Could it be that the position is that the IIA only has authority over its members and certificate holders? If that is the case, why are there double standards in assigning responsibilities to Board members?
Furthermore, how will future Quality Assurance Review assessors review compliance or lack thereof of non-members and non-certificate holders (which may include the CAE) in an internal audit function if they are not within the ambit of the GIAS?
Root Cause
Under Standard 14.3, “When evaluating potential engagement findings, internal auditors must identify the root cause, determine the potential effects, and evaluate the significance of the issue.” Most internal auditors try their best to identify root causes and discuss them with Management to mitigate or prevent future occurrences. However, achieving 100% success in such endeavours is rare, if not impossible.
In many real-life cases, the best conclusion internal auditors can draw is a stronger correlation between a set of exceptions and a variable, such as a particular control owner or type of transaction. Correlation and causation are not the same. If internal auditors identify and attempt to “eliminate” the suspected root cause based on a relatively high correlation, only to find the same issue resurfacing later, are they guilty of a moral crime?
Engagement Conclusions
Under Standard 14.5, “Internal auditors must develop an engagement conclusion.” Previously, Standard 2410.A1 stated that “Where appropriate, the internal auditors’ opinion should be provided.” It is not uncommon for the Board to commission the internal audit function to review a targeted part of a process due to specific concerns. In such cases, where the review is narrow in scope, it may not be fair to expect an engagement conclusion from the internal audit function or the Management.
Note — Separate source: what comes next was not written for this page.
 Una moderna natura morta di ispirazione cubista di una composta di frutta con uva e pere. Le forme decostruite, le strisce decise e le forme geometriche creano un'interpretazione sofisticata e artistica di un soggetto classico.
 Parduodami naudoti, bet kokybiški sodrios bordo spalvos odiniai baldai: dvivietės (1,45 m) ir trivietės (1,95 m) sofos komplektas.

Further, it raises the question of whether such an engagement conclusion would hold meaningful value to the Board, who are the key users of the internal audit reports.
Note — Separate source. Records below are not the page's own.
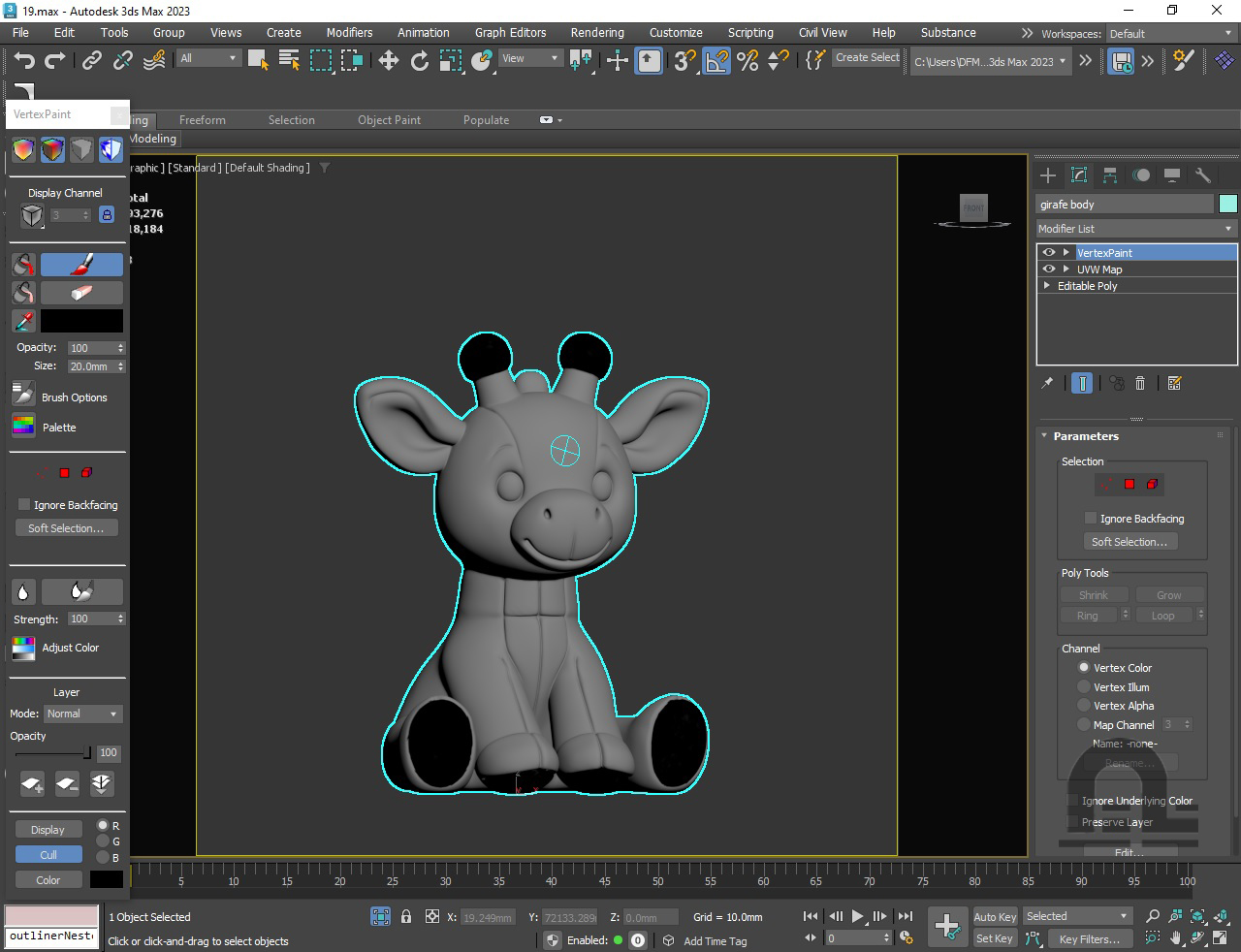 پروژه مدلسازی عروسک در تری دی مکس WIP ۲۷ دی ۱۴۰۴ مدلسازی (4gon): متریال کرونا با مپ کامپوزیت:تست رندر کرونا با متریال پولیش:ورتکس پینت برای تفکیک متریال: اختصاص دادن مپ چنل برای تفکیک متریال:
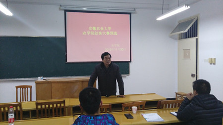 2015年11月30日晚3044永利于十教522召开第七届“兴农杯”老员工创客大赛预选赛。3044永利副经理李金才、农公司党委副书记鄢高翔参加预赛活动。十一支来自不同年级,不同专业组合而成的创业团队参加大赛预选。
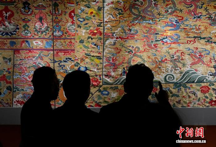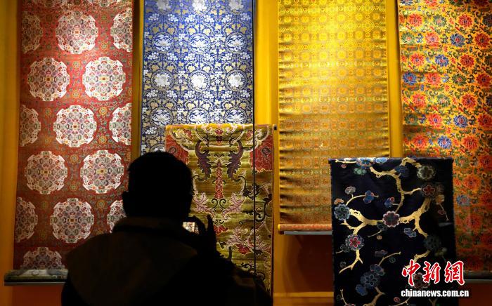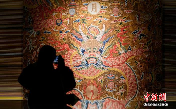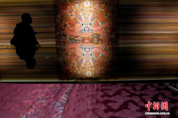 图为观众拍摄展览中的香色地彩云金龙暗八仙纹绒绣织成料。中新社记者 李林 摄
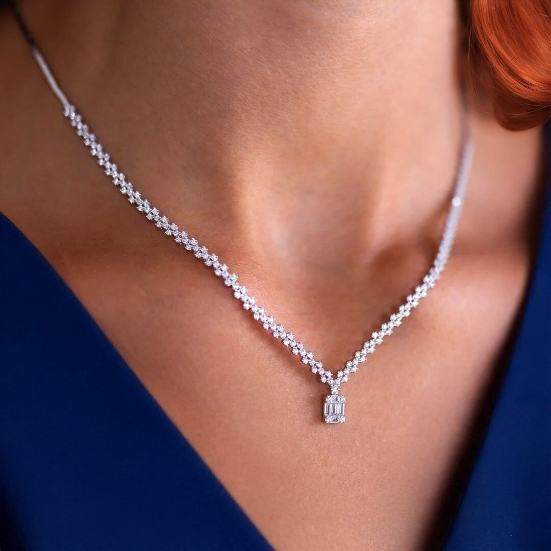 - Kolye, 45 cm uzunluğundadır ve baget kesimli zincir şeklindedir.

Overall, the GIAS has achieved much from the overhaul, and much credit must be given to the volunteers and IIA Secretariat who have worked tirelessly to bring it to this level. While it is improbable for any set of standards to meet all stakeholders’ needs, it would be appreciated if the areas mentioned above are taken into consideration during the finalisation of the GIAS.
Nicodemus Tan is a Partner at Baker Tilly LLP, a Governor of The Institute of Internal Auditors Singapore, and a fervent believer that internal audit when done right will provide an immense competitive advantage to the organisation.
The Institute of Internal Auditors Singapore blogs reflect the personal views and opinions of the authors. These views may differ from policies and official statements of The Institute of Internal Auditors Singapore and its committees and from opinions endorsed by the bloggers’ employers.